# Summary Statistics

In this page, I’ll share Stata commands for summary statistics. The dataset I use here is Militarized Interstate Disputes (v4.3) dataset from the Correlates of War Project. You can download the dataset here.

### Opening data with `use`

command

```
use "MIDA 4.3.dta", clear
```

[,clear] is telling Stata to clear any other data that you have opened in Stata.

When you open an excel file (.csv or .xlsx), use ‘import delimited’ instead.

```
import delimited "MIDA 4.3.csv", clear
```

### Looking at variables

What variables do we have in the example dataset?

```
describe
```

When you type ‘describe’, You can see the names and labels of all variables in the dataset.

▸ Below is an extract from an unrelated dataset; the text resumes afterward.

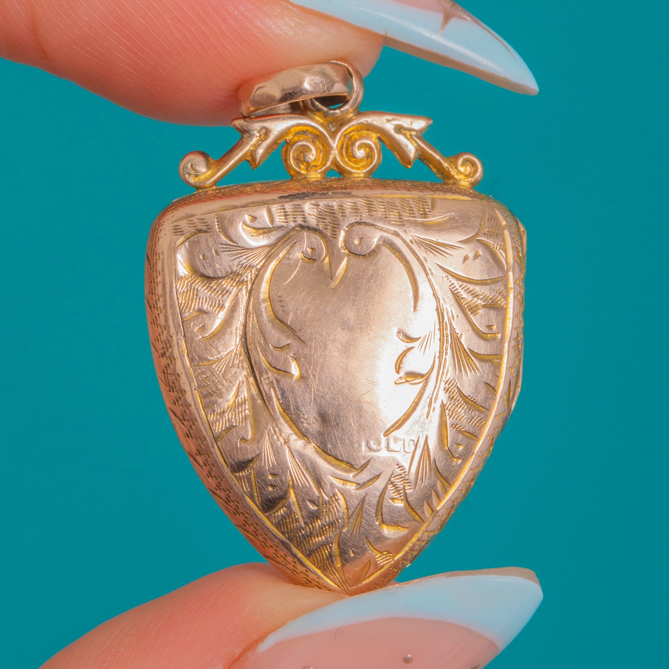 Victorian 九金 彫刻入り盾形ロケットペンダント

### Measures of central tendancy: mean, median, mode

Let’s look at ‘outcome’ variable in the MIDA dataset. ‘outcome’ shows the outcome of dispute like below.

Value | Description |
---|---|

1 | Victory for side A |

2 | Victory for side B |

3 | Yield by side A |

4 | Yield by side B |

5 | Stalemate |

6 | Compromise |

7 | Released |

8 | Unclear |

9 | Joins ongoing war |

-9 | Missing |

Since the value doesn’t have specific meaning (nominal), mean and median are not meaningful. Let’s find the mode of this variable. ‘tabulate’ or simply ‘tab’ is useful to figure out the mode.

```
tabulate outcome
tab outcome, missing
```

We can see that 5 (Stalemate) is the mode of this variable.

Let’s fidn the mean and median of ‘MaxDur’ variable. ‘MaxDur’ is the maximum duration of dispute. First, you can use ‘codebook’ command. It will show you the range, number of unique values, number of missing values, mean, standard deviation, and percentiles. You can see that there is no missing values in this variable!

```
codebook maxdur
summarize maxdur
sum maxdur, detail
```

Second, you can use summarize or simply sum to look at the number of observations, mean, standard deviation, minimum and maximum values. If you add ‘, detail’ or ‘, d’, then you can see more detailed information such as percentiles, variance, skewness, and kurtosis.

The mean of the maximum duration of disputes is 161.72 and the median is 41.

If you have missing values such as -9 in the previous example, you might want to exclude those values. Then, use ‘if’ option.

### Visualization

Let’s make histograms and box plots! Histograms are helpful to look at the distribution of variables. The command is ‘histogram’ or ‘hist’. You can add more options to make a prettier histogram.

```
histogram maxdur
hist maxdur, percent bin(15) xtitle("Maximum Duration of Dispute")
hist maxdur, percent width(10) xtitle("Maximum Duration of Dispute")
hist maxdur, freq xtitle("Maximum Duration of Dispute")
graph box maxdur
```

You can change the number and width of bins (bin and width respectively). The default setting will show you the density. You can change that by adding ‘frequency’ or ‘percent’ as an option to the command.

You can draw a box plot using the command, ‘graph box’. Since this variable is right-skewed, we can see many outside values above the box (dots above the upper adjacent line).